Opening May 4 from 6 PM

Since the end of the 1980s, Philippe Gronon has been developing a photographic body of work whose point of departure is the definition of photography at its most simple: that is to say, a technique for creating images that records reality as it is. This statement is translated into a production protocol. The quasi-totality of the objects that are photographed (amps, safes, listing tables, writing cases, lithographic stones, electrical dashboards, the back of paintings, etc.) and more recently digitalized and scanned (martyrs, photographic frames and trays, printing frames and the digitizing machine) are all taken head-on, on a 1:1 scale. They are cut out, isolated from any context or spatial-temporal situation, which gives them a great new formal intensity. Photographic subjects as much as objects, perfectly reproduced without being fetishes or artefacts, these motifs evade simple imagery. Their flatness and the manner in which they are framed reference the history of painting, which confers upon each photograph a pictorial quality. Moreover, their false frontal simplicity opens these images up to the discovery of a world: that of the objects that surround us, here acquiring an aura.
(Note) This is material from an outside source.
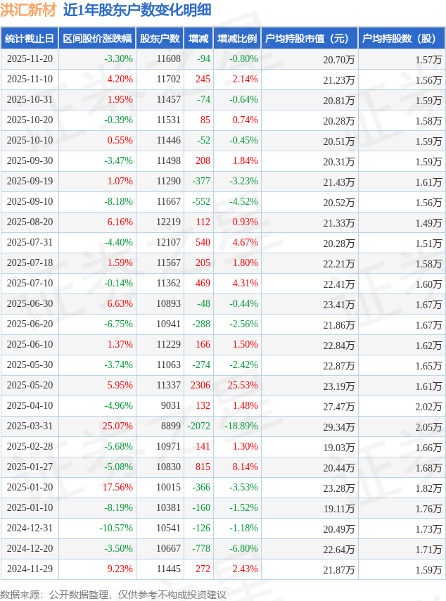 从股价来看,2025年11月10日至2025年11月20日,洪汇新材区间跌幅为3.3%,在此期间股东户数减少94.0户,减幅为0.8%。

Philippe Gronon was born in 1964 in Rochefort. He lives and works in Malakoff.
Since 1991, he has taken part in numerous personal and collective exhibitions in France and abroad, such as: « Philippe Gronon », Frac des Pays de la Loire, Carquefou 2001; « Retournements », Musée d’Arts de Nantes, 2010; « Philippe Gronon - L’altro lato », Villa Medici, Rome, 2010; « Philippe Gronon. ‘Révéler’ », Musée Picasso-Paris, 2016; and a large-scale exhibition dedicated to his work at the Musée des beaux-arts in La Chaux-de-Fonds, Switzerland, in 2021.
His work is represented in several public collections, such as: the Musée national d’art moderne Georges Pompidou, Paris; the Louvre Museum, Paris; the Mamco, Musée d’art moderne et contemporain in Geneva, Switzerland; the Mamac, Musée d’art moderne et contemporain, Nice; the Musée de l’Elysée in Lausanne and the Musée des beaux-arts in La Chaux-de-Fonds, Switzerland.